### [Aim of the task]
When the records are reproduced, each one must match exactly, and no picture may be kept.

-------- Records shown --------

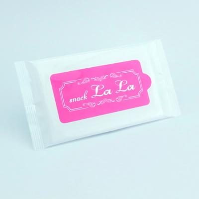 静岡県浜松市で営業するパブスナックが、来店されたお客様への粗品としてウェットティッシュを名入れ制作。粗品としての活用だけでなく、店内でのちょっとした気配りやお化粧直しなど、何かと便利なご利用シーンを想定し同商品を選定されたとのこと。名入れのデザインは同店のロゴマーク、白地に見栄えるピンクのラベルが優しい印象を際立たせているようです。
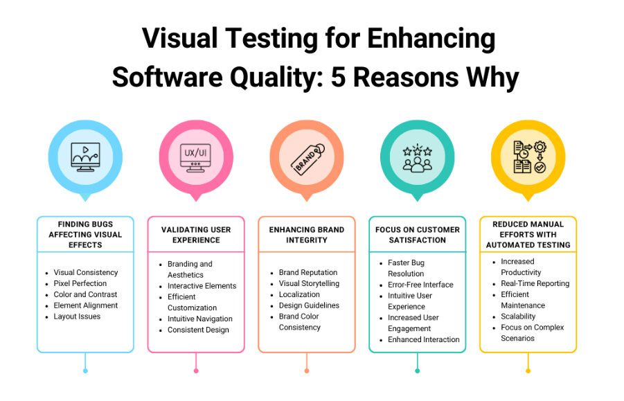 - Automates the manual and repetitive task of checking screens, layouts, and designs.
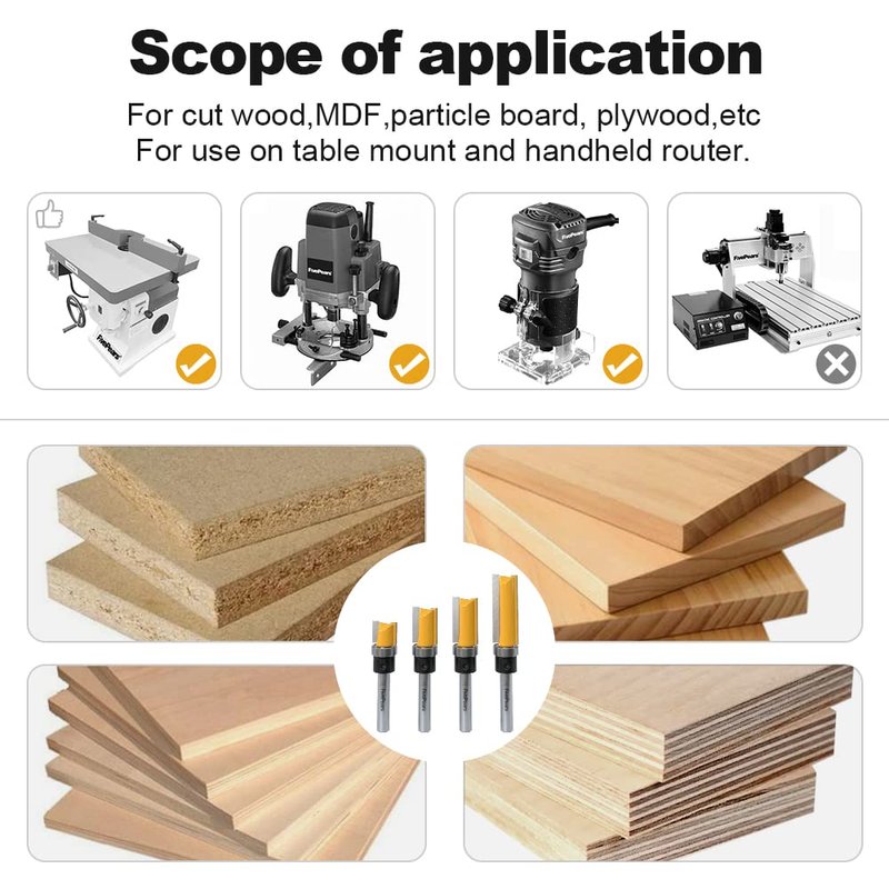- 3.[Widely used] - This flush trim router bit is suitable for wood, MDF, particleboard, plywood, compact panels, acrylic. Do not cut metal and non-wood materials such as: steel, iron, sand, etc.
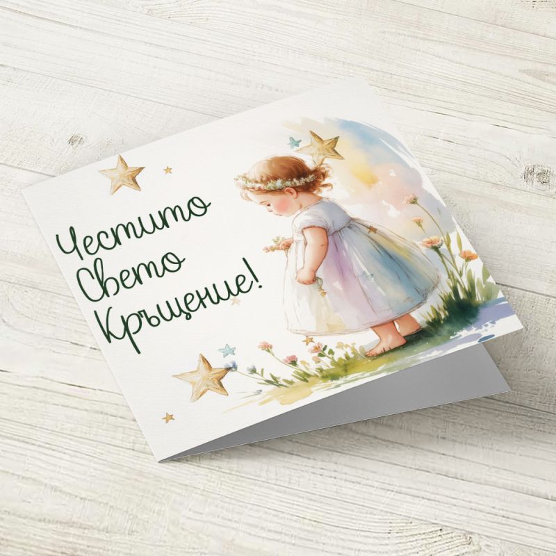 Картичка с авторска илюстрация върху акварелен картон. С надпис отпред: Честито Свето Кръщение!
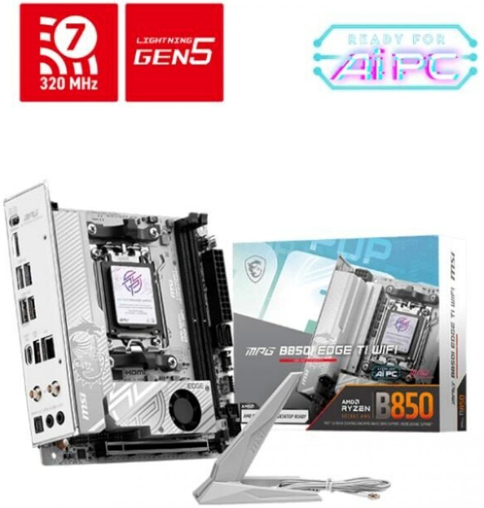 MSI MPG B850I EDGE TI WIFIMPG B850I EDGE TI WIFI is covered with a silver-white color scheme for white PC build lovers to show off different identity. It is also powerful because of its true Wi-Fi 7 solution, 5G LAN, and the latest PCIe 5.0 compatibility, Supplemental PCIe Power, and this is the best white theme B850 ITX motherboard for AMD Ryzen™ 9000 series processors.ChipsetAMD B850CPUSupports ...
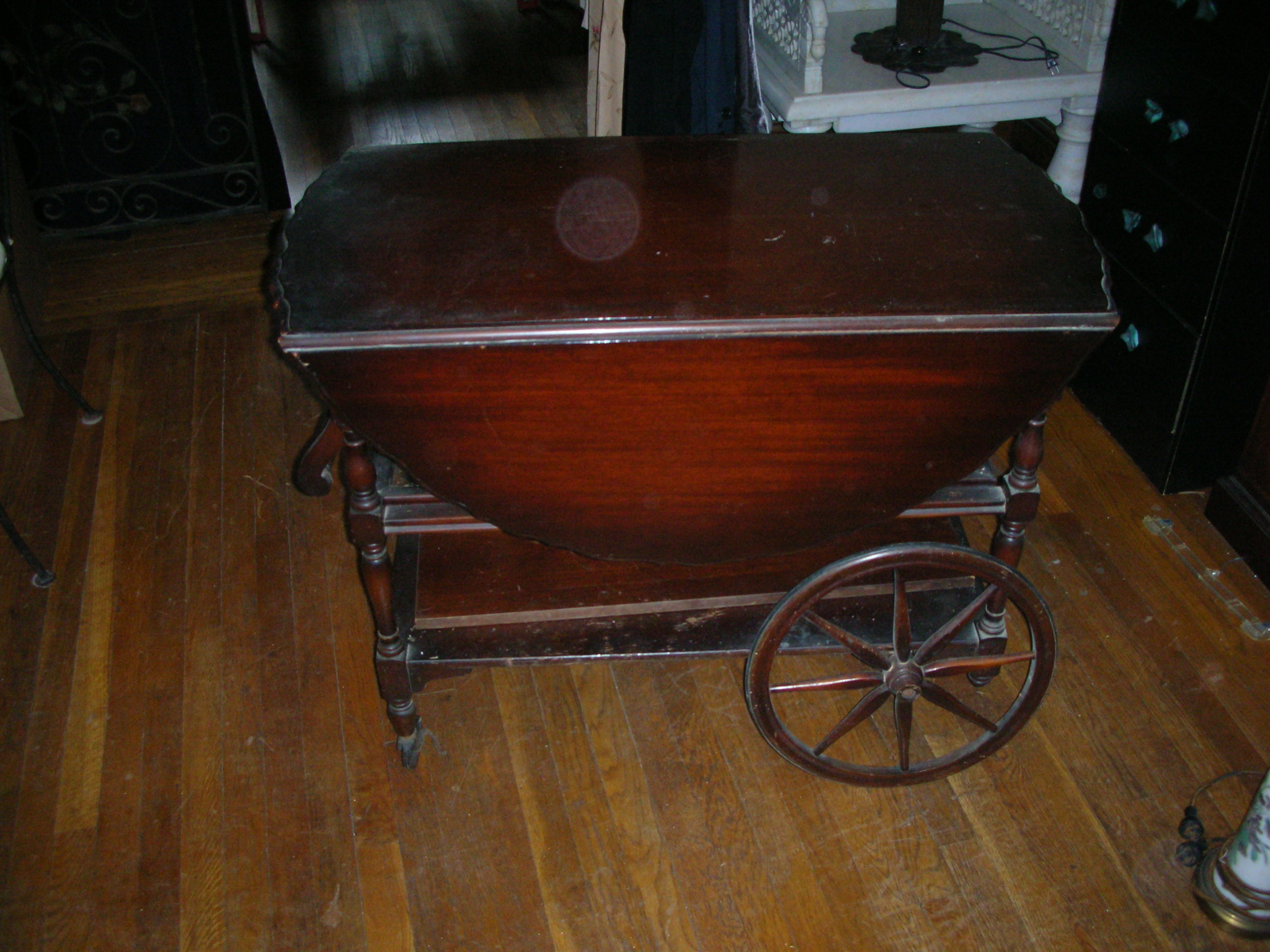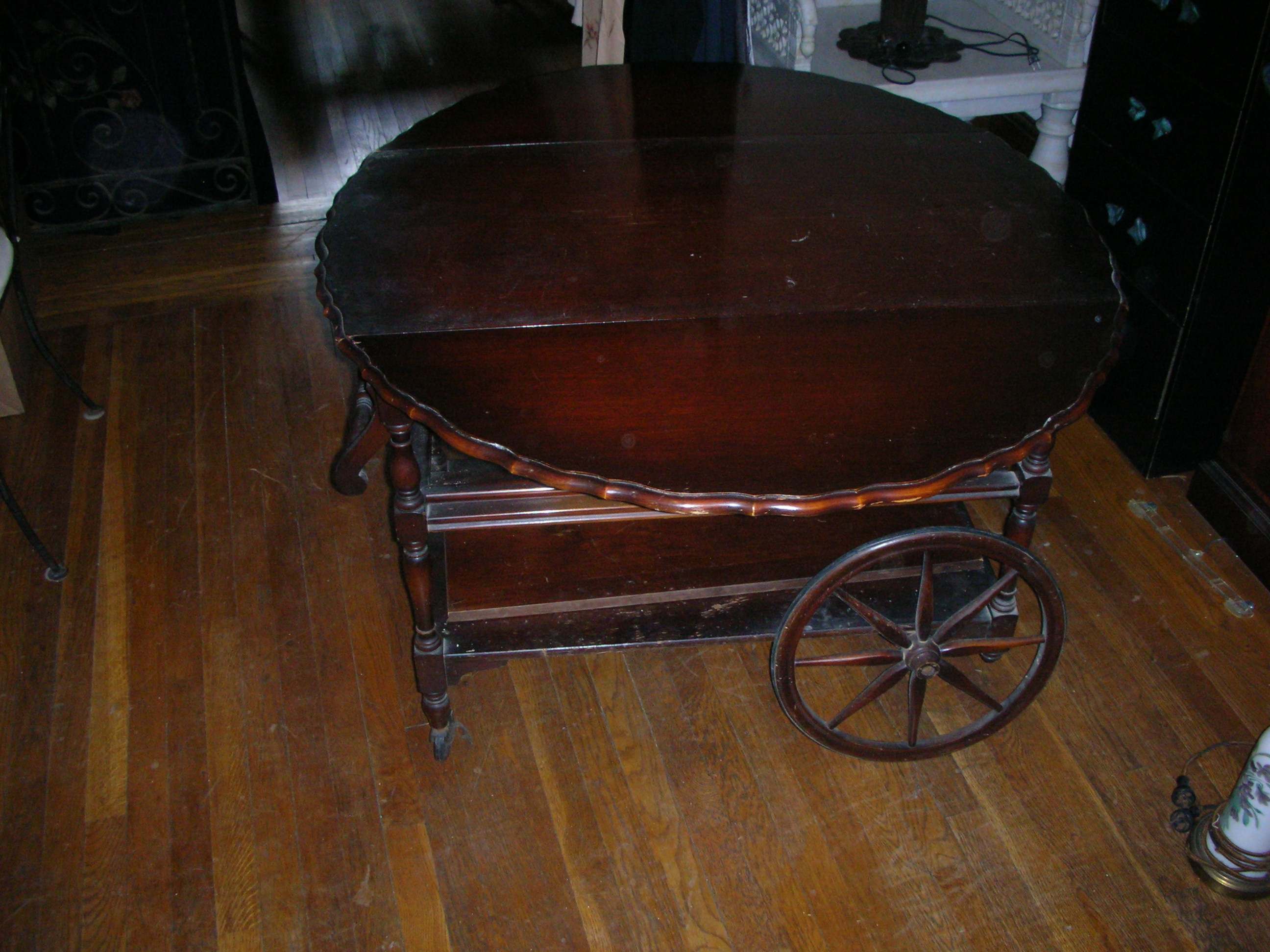 VINTAGE TEA CART TABLE WITH ROUND DROP LEAF SIDES, PULL DRAW AND GLASS SHELF.
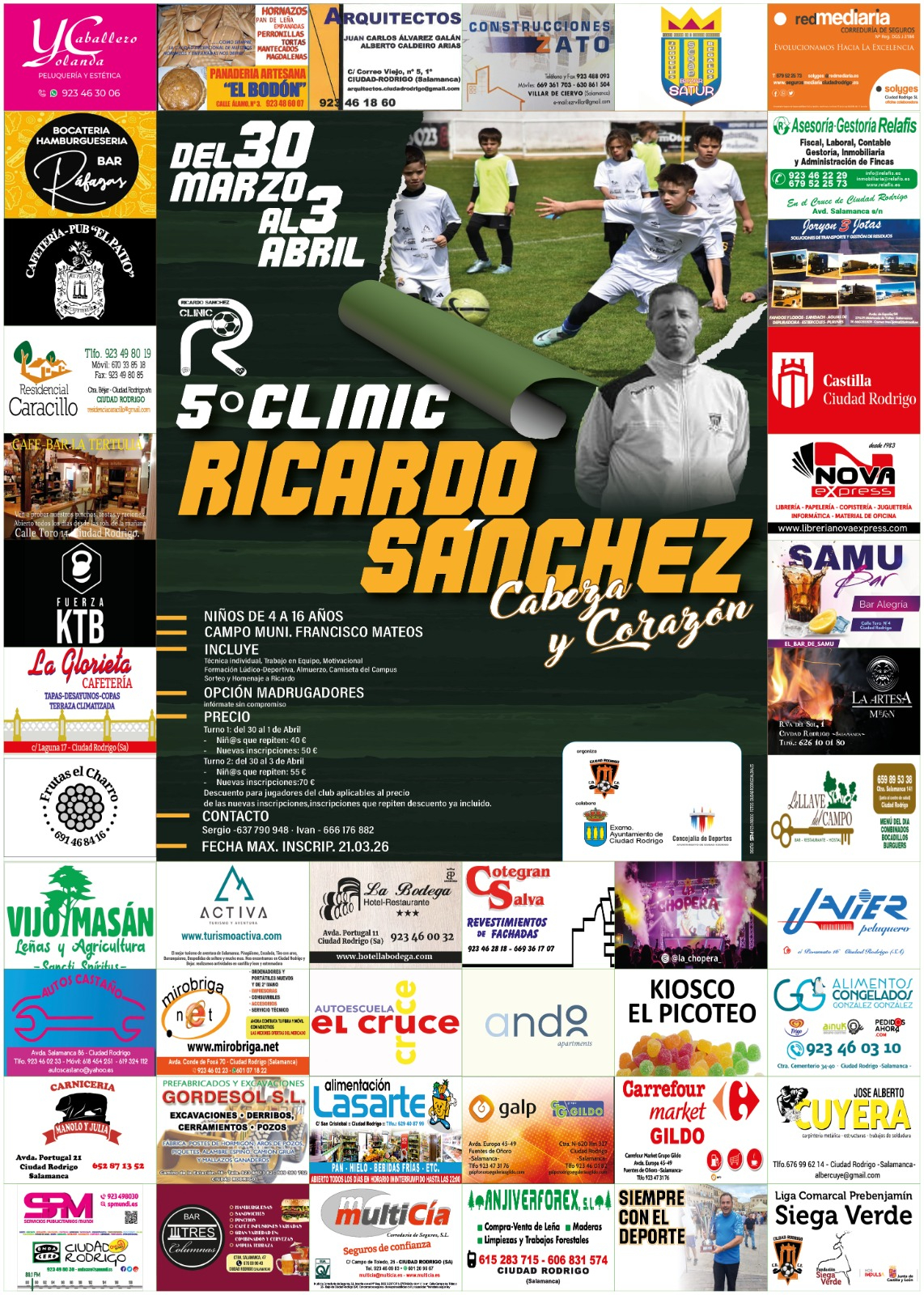 Ciudad Rodrigo se prepara para acoger la quinta edición de su campus de fútbol en honor a Ricardo Sánchez. El evento deportivo, que reunirá nuevamente a los jóvenes talentos de la zona, se desarrollará desde el 30 de marzo hasta el 3 de abril y llega con importantes novedades orientadas a las familias. El campus se desarrollará en el campo municipal Francico Mateos, para niños de 4 a 16 años, en horario de mañana, de 10:00 a 14:00 horas, aunque también se ofrecerá la opción de madrugadores para aquellos padres que necesiten dejar antes a los niños. La iniciativa ha despertado un notable interés, ya que supera los 50 inscritos hasta el momento.
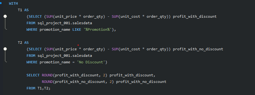 Again, I used a cte here which contained two select statements. I calculated for the profit and use the WHERE clause to filter the results on the promotion name field to find products and the corresponding promotion at the time of sale. And I do same for products with "no discount" in the promotion name field
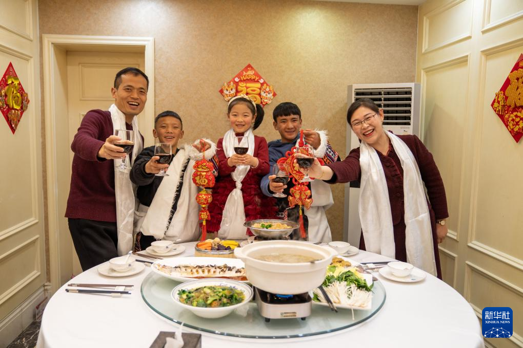 2月9日,合肥理工学校西藏班的学生桑杰顿珠(左二)、次巴扎西(右二)和包保老师万霞(右一)一家贺新春、吃年夜饭。
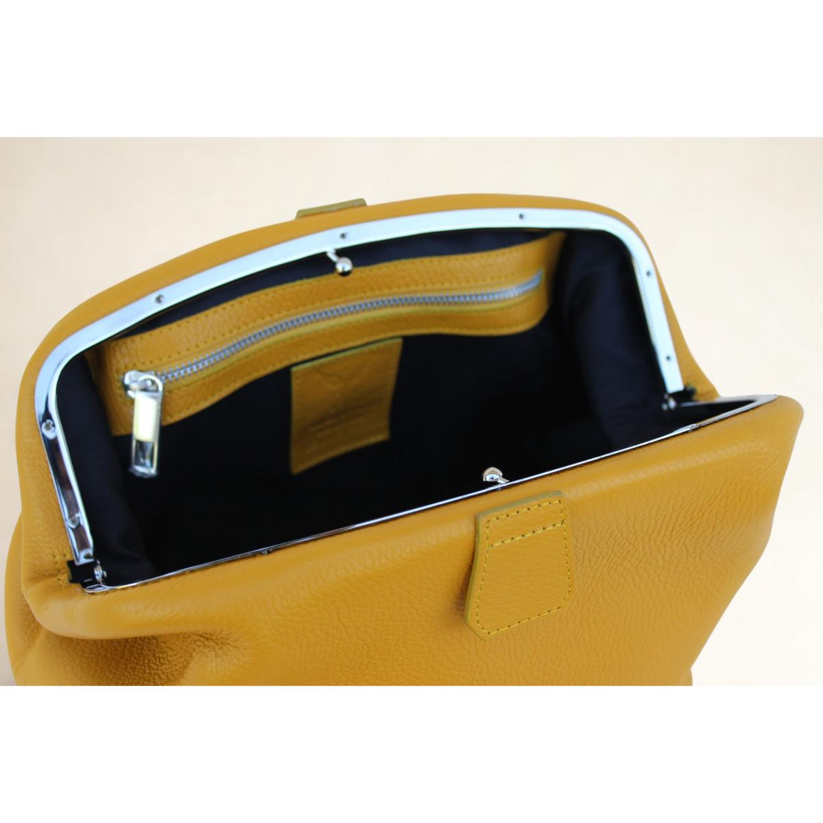 Le Jeanne se distingue par sa forme souple et structurée, évoquant un chic décontracté. Confectionné dans un cuir de veau grainé d'exception, sa texture riche et sa couleur unique (moutarde) en font une pièce immédiatement reconnaissable. La souplesse du cuir met en valeur son design bouffant et sa fermeture élégante.
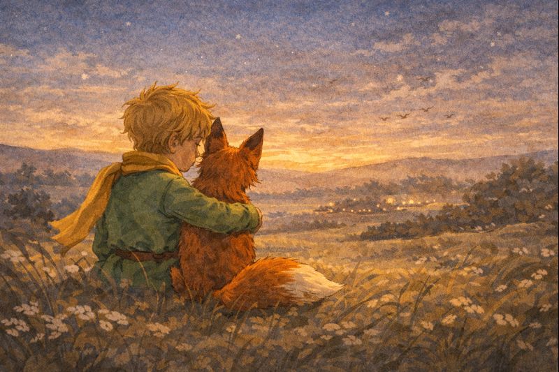 Lapė ir Mažasis princas ramiai sėdi pievoje – kantrybės, lėto ryšio ir išminties prasmė knygoje „Mažasis princas“
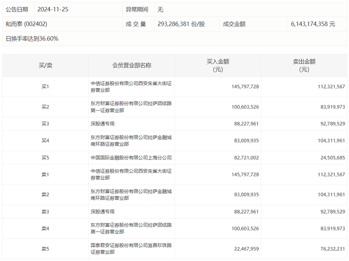 和而泰今日跌9.9%,龙虎榜数据显示,上榜营业部席位全天成交10.17亿元,占当日总成交金额比例为16.55%。其中,买入金额为5.23亿元,卖出金额为4.94亿元,合计净买入2874.72万元。
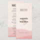 Placas De Menu De Casamento De Blush & Bloom Bold Script Minimalista. Inclua seus hóspedes com esses cartões de menu de casamento com Blush e Bloom de Script Negrito e Minimalista elegantes. Apresentando uma delicada pincelada e lavagem a água dourada rosa com textura sutil, estas placas adicionam um toque de amor e romance à sua recepção de casamento. Na frente, "Menu" é exibido em negrito, seguido pelos nomes do casal em negrito e pela data do casamento, cidade e estado. No verso, "Menu" é mostrado em uma tipografia ousada. De início a fundo, sobremesas e bebidas, o cardápio é belamente apresentado numa escrita ousada moderna. Personalize facilmente todo o texto sobre esta modelo, fazer-o como uma adição agradável às suas mesas recepções de casamento.

--------

### [The completed task]
 静岡県浜松市で営業するパブスナックが、来店されたお客様への粗品としてウェットティッシュを名入れ制作。粗品としての活用だけでなく、店内でのちょっとした気配りやお化粧直しなど、何かと便利なご利用シーンを想定し同商品を選定されたとのこと。名入れのデザインは同店のロゴマーク、白地に見栄えるピンクのラベルが優しい印象を際立たせているようです。
 - Automates the manual and repetitive task of checking screens, layouts, and designs.
- 3.[Widely used] - This flush trim router bit is suitable for wood, MDF, particleboard, plywood, compact panels, acrylic. Do not cut metal and non-wood materials such as: steel, iron, sand, etc.
 Картичка с авторска илюстрация върху акварелен картон. С надпис отпред: Честито Свето Кръщение!
 MSI MPG B850I EDGE TI WIFIMPG B850I EDGE TI WIFI is covered with a silver-white color scheme for white PC build lovers to show off different identity. It is also powerful because of its true Wi-Fi 7 solution, 5G LAN, and the latest PCIe 5.0 compatibility, Supplemental PCIe Power, and this is the best white theme B850 ITX motherboard for AMD Ryzen™ 9000 series processors.ChipsetAMD B850CPUSupports ...
 VINTAGE TEA CART TABLE WITH ROUND DROP LEAF SIDES, PULL DRAW AND GLASS SHELF.
 Ciudad Rodrigo se prepara para acoger la quinta edición de su campus de fútbol en honor a Ricardo Sánchez. El evento deportivo, que reunirá nuevamente a los jóvenes talentos de la zona, se desarrollará desde el 30 de marzo hasta el 3 de abril y llega con importantes novedades orientadas a las familias. El campus se desarrollará en el campo municipal Francico Mateos, para niños de 4 a 16 años, en horario de mañana, de 10:00 a 14:00 horas, aunque también se ofrecerá la opción de madrugadores para aquellos padres que necesiten dejar antes a los niños. La iniciativa ha despertado un notable interés, ya que supera los 50 inscritos hasta el momento.
 Again, I used a cte here which contained two select statements. I calculated for the profit and use the WHERE clause to filter the results on the promotion name field to find products and the corresponding promotion at the time of sale. And I do same for products with "no discount" in the promotion name field
 2月9日,合肥理工学校西藏班的学生桑杰顿珠(左二)、次巴扎西(右二)和包保老师万霞(右一)一家贺新春、吃年夜饭。
 Le Jeanne se distingue par sa forme souple et structurée, évoquant un chic décontracté. Confectionné dans un cuir de veau grainé d'exception, sa texture riche et sa couleur unique (moutarde) en font une pièce immédiatement reconnaissable. La souplesse du cuir met en valeur son design bouffant et sa fermeture élégante.
 Lapė ir Mažasis princas ramiai sėdi pievoje – kantrybės, lėto ryšio ir išminties prasmė knygoje „Mažasis princas“
 和而泰今日跌9.9%,龙虎榜数据显示,上榜营业部席位全天成交10.17亿元,占当日总成交金额比例为16.55%。其中,买入金额为5.23亿元,卖出金额为4.94亿元,合计净买入2874.72万元。
 Placas De Menu De Casamento De Blush & Bloom Bold Script Minimalista. Inclua seus hóspedes com esses cartões de menu de casamento com Blush e Bloom de Script Negrito e Minimalista elegantes. Apresentando uma delicada pincelada e lavagem a água dourada rosa com textura sutil, estas placas adicionam um toque de amor e romance à sua recepção de casamento. Na frente, "Menu" é exibido em negrito, seguido pelos nomes do casal em negrito e pela data do casamento, cidade e estado. No verso, "Menu" é mostrado em uma tipografia ousada. De início a fundo, sobremesas e bebidas, o cardápio é belamente apresentado numa escrita ousada moderna. Personalize facilmente todo o texto sobre esta modelo, fazer-o como uma adição agradável às suas mesas recepções de casamento.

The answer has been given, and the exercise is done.